- **Source data**:
***

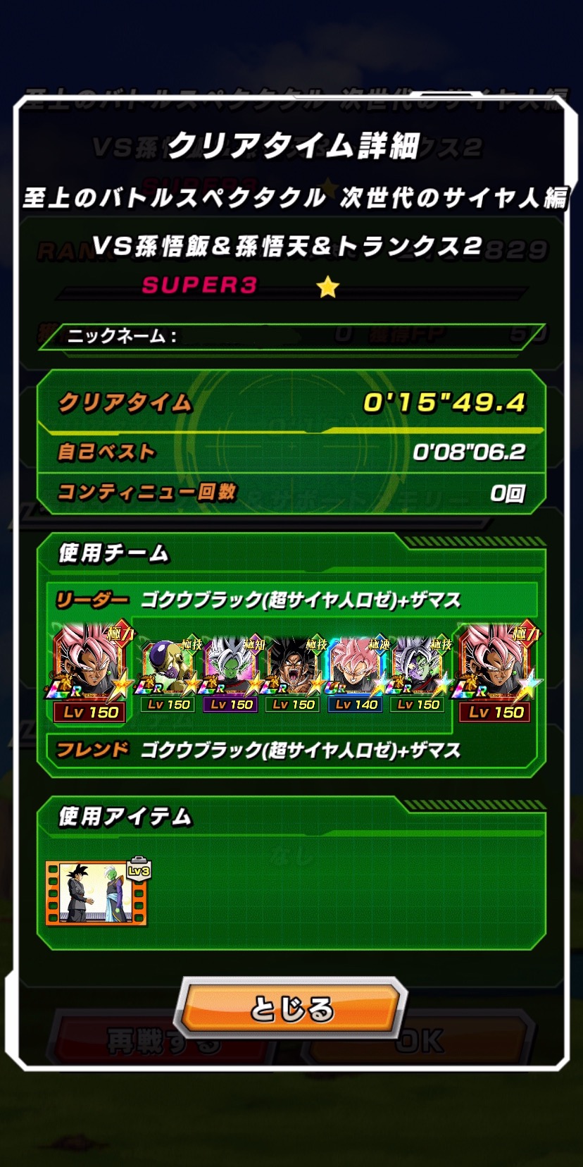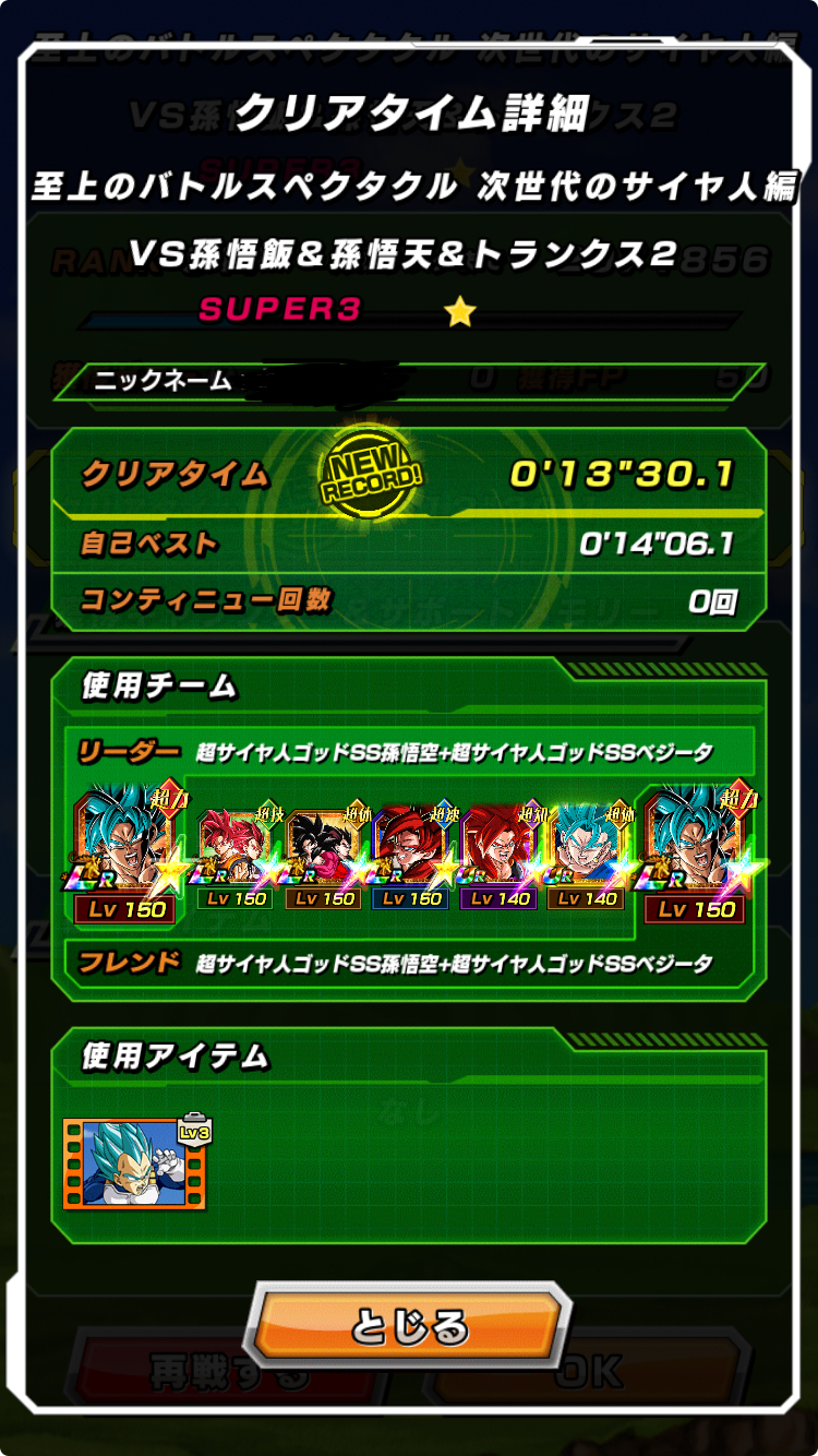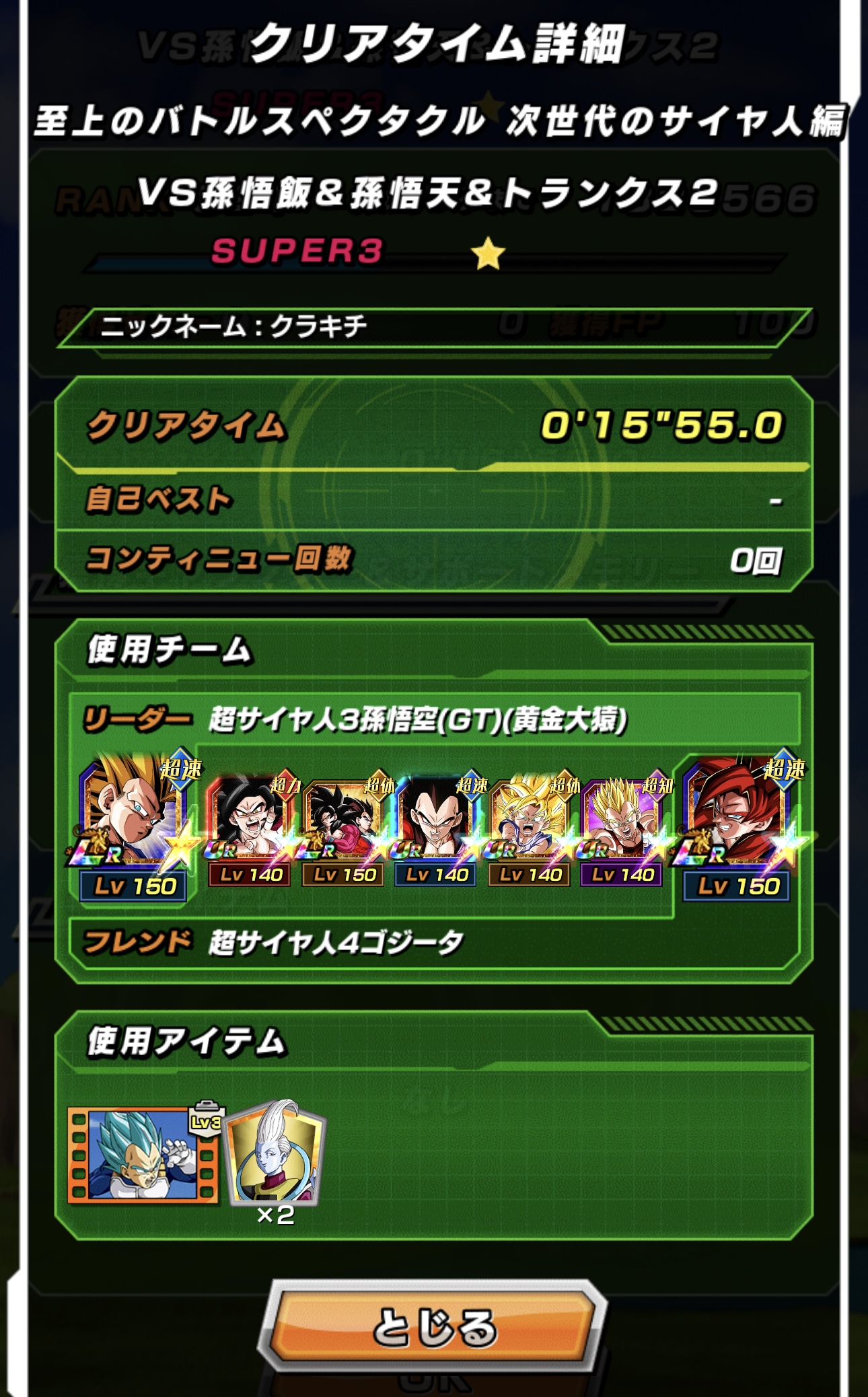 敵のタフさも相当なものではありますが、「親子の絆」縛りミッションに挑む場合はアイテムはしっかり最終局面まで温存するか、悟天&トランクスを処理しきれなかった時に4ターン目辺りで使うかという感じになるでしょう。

***

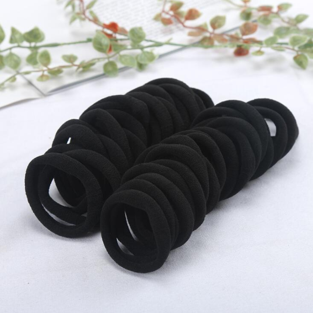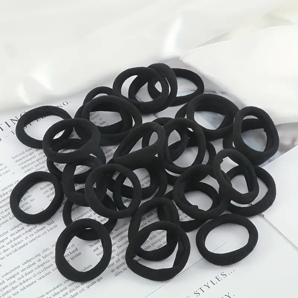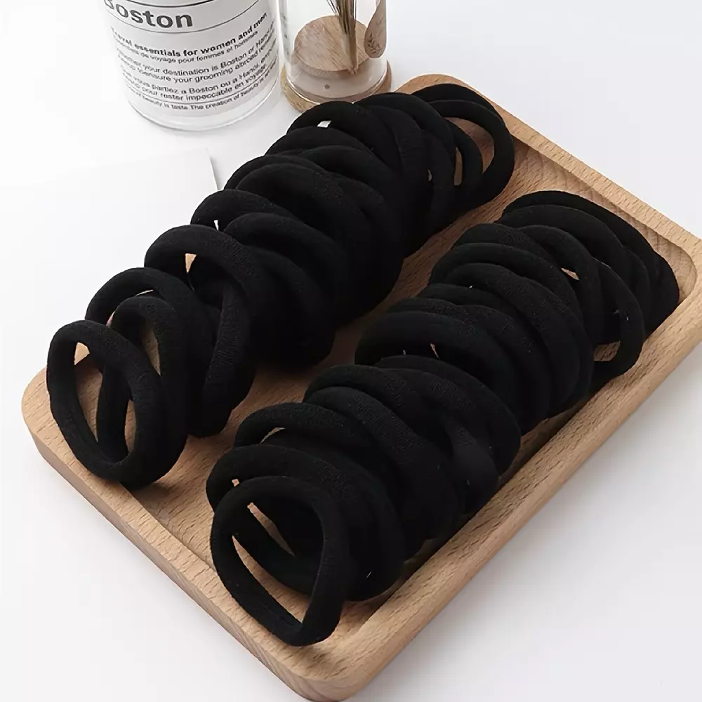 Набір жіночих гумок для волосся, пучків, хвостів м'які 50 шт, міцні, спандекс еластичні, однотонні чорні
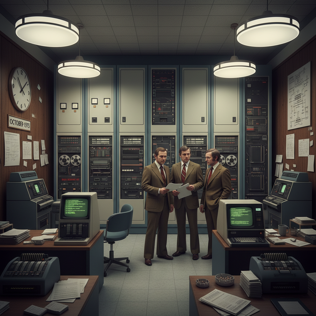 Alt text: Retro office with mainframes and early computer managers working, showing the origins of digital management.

***

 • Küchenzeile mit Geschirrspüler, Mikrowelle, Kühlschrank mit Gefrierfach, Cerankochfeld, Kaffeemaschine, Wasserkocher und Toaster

***

- **What this task involves**: Write out exactly the lines above between the one with "Набір жіночих гумок" and the one with "Alt text: Retro", inclusive, with pictures left out.

- **Written solution**:
 Набір жіночих гумок для волосся, пучків, хвостів м'які 50 шт, міцні, спандекс еластичні, однотонні чорні
 Alt text: Retro office with mainframes and early computer managers working, showing the origins of digital management.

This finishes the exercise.